Department of Earth Sciences, University of Toronto, Toronto, Canada.
PLoS One. 2018 Aug 23;13(8):e0202214. doi: 10.1371/journal.pone.0202214. eCollection 2018.
This paper investigates suitability of supervised machine learning classification methods for classification of biomes using pollen datasets. We assign modern pollen samples from Africa and Arabia to five biome classes using a previously published African pollen dataset and a global ecosystem classification scheme. To test the applicability of traditional and machine-learning based classification models for the task of biome prediction from high dimensional modern pollen data, we train a total of eight classification models, including Linear Discriminant Analysis, Logistic Regression, Naïve Bayes, K-Nearest Neighbors, Classification Decision Tree, Random Forest, Neural Network, and Support Vector Machine. The ability of each model to predict biomes from pollen data is statistically tested on an independent test set. The Random Forest classifier outperforms other models in its ability correctly classify biomes given pollen data. Out of the eight models, the Random Forest classifier scores highest on all of the metrics used for model evaluations and is able to predict four out of five biome classes to high degree of accuracy, including arid, montane, tropical and subtropical closed and open systems, e.g. forests and savanna/grassland. The model has the potential for accurate reconstructions of past biomes and awaits application to fossil pollen sequences. The Random Forest model may be used to investigate vegetation changes on both long and short time scales, e.g. during glacial and interglacial cycles, or more recent and abrupt climatic anomalies like the African Humid Period. Such applications may contribute to a better understanding of past shifts in vegetation cover and ultimately provide valuable information on drivers of climate change.

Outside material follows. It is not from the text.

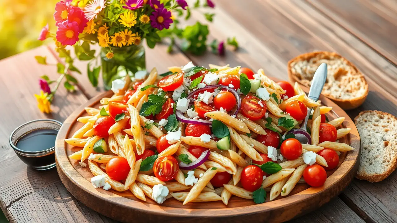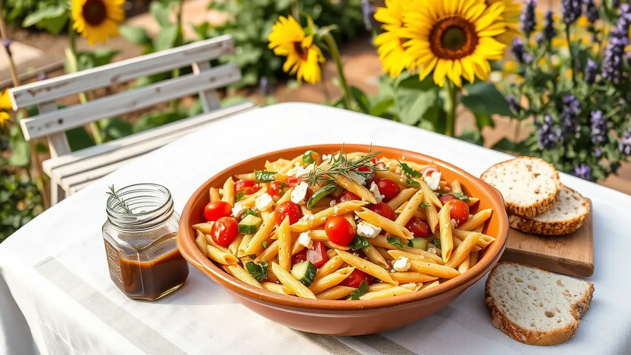 # The Easiest Pasta Salad 🌟🍝 This pasta salad is a delightful mix of fresh ingredients and vibrant flavors, perfect for picnics, potlucks, or a quick weeknight dinner. It's incredibly easy to whip up and comes together in under 30 minutes. Customize it with your favorite veggies, herbs, and dressings for a personalized touch! ## Ingredients ### For the salad - 2 cups of cooked pasta (penne, fusilli, or rotini works best) - 1 cup of cherry tomatoes, halved - 1 cup of cucumber, diced - 1/2 cup of bell peppers, diced (any color you like!) - 1/4 cup of red onion, finely chopped - 1/2 cup of feta cheese, crumbled (optional) - A handful of fresh parsley or basil, chopped ### For the dressing - 1/4 cup of olive oil - 2 tablespoons of balsamic vinegar (or lemon juice) - 1 teaspoon of garlic powder - Salt and pepper, to taste - Optional: 1 teaspoon of Italian seasoning or dried oregano for extra flavor ## Instructions 1. **Cook the pasta**: Bring a pot of salted water to a boil. Cook your pasta according to the package instructions until al dente. Drain and rinse with cold water to stop the cooking process. 2. **Combine the salad ingredients**: In a large bowl, mix together the cooked pasta, cherry tomatoes, cucumber, bell peppers, red onion, and feta cheese. Toss gently to combine. 3. **Make the dressing**: In a small bowl or jar, whisk together the olive oil, balsamic vinegar, garlic powder, salt, and pepper (and optional herbs, if using) until well combined. 4. **Dress the salad**: Pour the dressing over the pasta salad and toss until everything is evenly coated. 5. **Chill and serve**: Let the salad sit for at least 15 minutes to allow the flavors to meld. Serve chilled or at room temperature. Enjoy! > 🥗 This pasta salad can be made ahead of time and stored in the fridge for up to 3 days, making it perfect for meal prep! ## Variations - **Protein-packed**: Add grilled chicken, shrimp, or chickpeas to the salad for a boost of protein and to make it more filling. 💪 - **Vegan**: Omit the feta cheese and substitute the dressing with a splash of plant-based yogurt and lemon juice for a creamy twist! - **Extra crunch**: Toss in some sliced olives, artichoke hearts, or nuts (like pine nuts or walnuts) for added texture. - **Spicy kick**: Add some diced jalapeños or a pinch of red pepper flakes to the dressing for a subtle heat. Feel free to get creative and switch up the ingredients based on what you have on hand or the season. Enjoy your delicious and easy pasta salad! 🍽️❤️name

本文研究了监督机器学习分类方法在使用花粉数据集进行生物群落分类中的适用性。我们使用先前发表的非洲花粉数据集和全球生态系统分类方案,将来自非洲和阿拉伯的现代花粉样本分配到五个生物群落类别中。为了测试传统和基于机器学习的分类模型在从高维现代花粉数据预测生物群落任务中的适用性,我们总共训练了 8 个分类模型,包括线性判别分析、逻辑回归、朴素贝叶斯、K-最近邻、分类决策树、随机森林、神经网络和支持向量机。我们在独立测试集上对每个模型从花粉数据预测生物群落的能力进行了统计测试。随机森林分类器在根据花粉数据正确分类生物群落的能力方面优于其他模型。在这 8 个模型中,随机森林分类器在用于模型评估的所有指标上得分最高,并且能够高度准确地预测五个生物群落类别中的四个,包括干旱、山地、热带和亚热带封闭和开放系统,例如森林和热带稀树草原/草原。该模型具有准确重建过去生物群落的潜力,有待于应用于化石花粉序列。随机森林模型可用于研究长时间和短时间尺度上的植被变化,例如在冰期和间冰期循环期间,或更近期和突然的气候异常,如非洲湿润期。这些应用可能有助于更好地了解过去植被覆盖的变化,并最终提供有关气候变化驱动因素的有价值信息。